Tate: Our contention that PLA impacts graduation rates had always been anecdotal. We knew that people who go through PLA, in whatever form, were more likely to graduate. We saw it, we heard about it, but we had no hard data. Lumina Foundation awarded us a major grant to explore that question by looking at 48 institutions from different sectors—private and public, two-year and four-year colleges—and studying 62,000 student records over a seven-year period. We compared the people who had gone through PLA with another group, who in the same timeframe did not go through PLA. We then looked at their persistence and their graduation rates.

It was revealing to see that across all types of institutions, students who had gone through a PLA program were 2½ times more likely to graduate. In drilling down on the data, we took a subset of Latino students. Latinos are the fastest growing demographic group in our country today, and Latinos on average have lower educational attainment rates than non-Latinos. The country will not be able to meet its overall degree completion goals without improving the degree completion of this large and growing population. Interestingly, we found that they were 8 times more likely to graduate from college if they had gone through a PLA program. The subset of the Latinos was approximately 7,000 people. So obviously it wasn’t the biggest portion of the 62,000, but a large enough number that we thought was significant.
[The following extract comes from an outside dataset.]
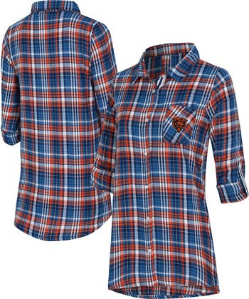 Enjoy ultimate comfort while representing the Chicago Bears with this Laney Plaid Tri-Blend Full Button Nightshirt from Concepts Sport. This nightshirt features a full-button front and pin-up sleeves, allowing you to customize your comfort and style. The woven plaid pattern and embroidered team graphics on the left chest pocket offer a stylish way to show off your Chicago Bears pride, whether you're winding down for the night or enjoying a lazy morning.
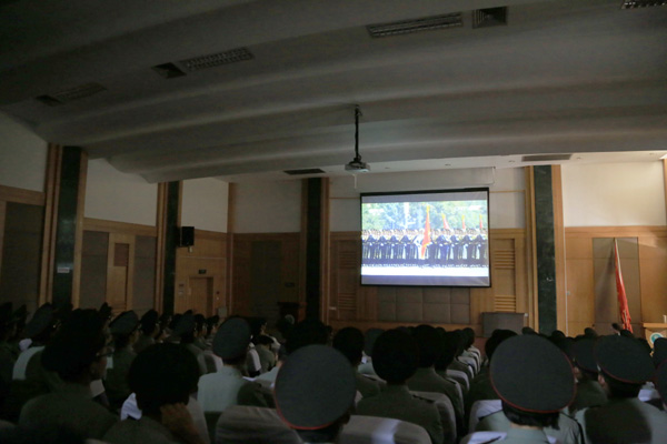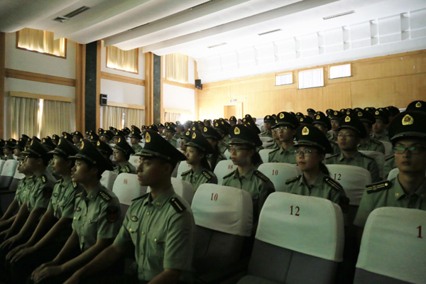 9时整,120名教官队员、20余名团学干部和部分教师在鸿书图书馆报告厅共同观看了抗战胜利大阅兵直播。07期队员阙丽芬说:“我们作为教官队的成员,观看阅兵式的感受比其他同学应该更深刻,聆听习主席的讲话,句句充满了力量!看到习主席站在崭新的国产红旗车上,向接受检阅的将士们问候:‘同志们好!’‘同志们辛苦了!’的时候,我们熟悉的那一声‘首长好!’‘为校争光!’也差点要脱口而出了。”

In questioning the senior administrators at these 48 colleges, we asked about their perceptions regarding these findings. They confirmed what we had assumed—that PLA taps into student motivation and self-esteem, with students generally feeling more confident they can do college work. It was relatively consistent across the board that PLA appears to improve completion rates and this has to do with a sort of self-efficacy that comes from the process.

To explore whether these perceptions are correct, we are doing a follow-up study with 10 institutions that have a significant number of Latinos going through PLA. We are interviewing these students to find out the effect PLA has on their interest in persistence and graduation. We have institutions from various parts of the country in the study currently and we expect to have the results fairly soon.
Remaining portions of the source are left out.